Realizing a real peace
A comprehensive plan will not bring peace. Peace will be realized when the real powers on both sides are ready to negotiate a true, lasting settlement.
Union for Reform Judaism president Rabbi Rick Jacobs said that his organization cannot support President Donald Trump’s decision to move the U.S. Embassy to Jerusalem absent a comprehensive plan for a peace process.” (“Reform Jews at Biennial take on issues of equality at home, in Israel,” Dec. 15).
What is a comprehensive peace plan? The sad history of the Israeli-Palestinian conflict is that more than once, well-wishing leaders have proposed rather “comprehensive peace plans.”
President Bill Clinton devised the Oslo Accord; Prime Minister Yitzhak Rabin declared, facing an intifada, that “we must fight terrorism as if there’s no peace process and work to achieve peace as if there’s no terror,” and Prime Minister Ehud Olmert prepared comprehensive maps delineating Jerusalem into two capitals of two states.
Former U.S. Secretary of State John Kerry prepared a peace plan that addressed most, if not all, of the “red lines” of Israel and of the Palestinians. None of those experienced statesmen succeeded, and the neophyte Jared Kushner has a plan?
What went wrong? A comprehensive answer will require a book, or a long pamphlet. In this limited space I will examine one aspect, the role of the leaders on both sides, Chairman Yasser Arafat, President Mahmud Abbas and Prime Minister Benjamin Netanyahu. None were “negotiating” in good faith.

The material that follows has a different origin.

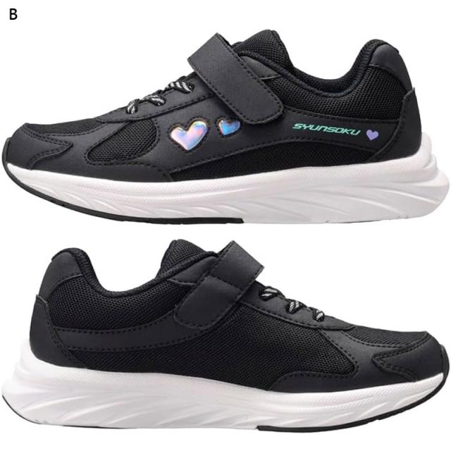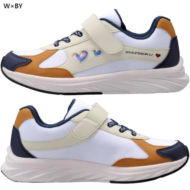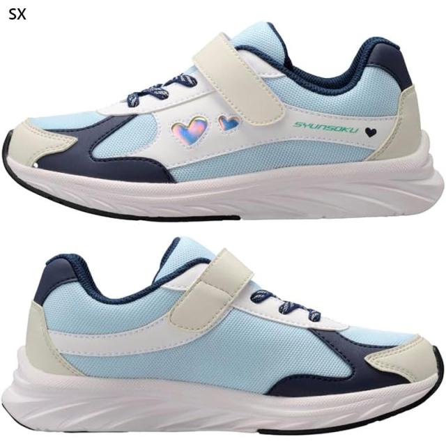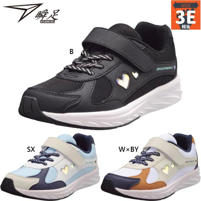 3E 幅広 ワイド 瞬足 ジュニア キッズ ガールズ 女の子 靴 シューズ ベルクロ マジックテープ ハート 軽量 遊び 運動会 通学 ホワイト 白 ブラック 黒 ブルー 青 送料無料 syunsoku LEJ8130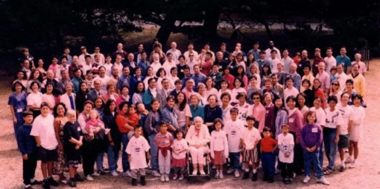 周懿嫻從中國女籃教練崗位退休后赴美定居。1994年,許芹家族后人聚會(huì),100多人相聚在加州蒙特雷,時(shí)年61歲的周懿嫻也在其中(第四排右五穿黃色上衣者)。?

Yasser Arafat was basking in the glory of world-class “freedom fighter.” Only he could address the U.N. General Assembly wearing military fatigues and a gun holster! Aid money was pouring in, a significant portion of which ended in his personal Swiss bank accounts. Why would he give up such an intoxicating status to become the prime minister of a failing state?
Mahmud Abbas is not that glamorous but was elected to a four-year term as president in 2005. Netanyahu publicly supported a two-state solution in June 2009 in his famous Bar Ilan speech, but he made no real effort to advance the concept.
Ever since, Netanyahu has fearlessly guarded his prime minister position. He has been held hostage by the religious right and by the Settlers Party, which consider the two-state solution an affront to God’s promise to His Chosen People.
A comprehensive plan will not bring peace. Peace will be realized when the real powers on both sides are ready to negotiate a true, lasting settlement.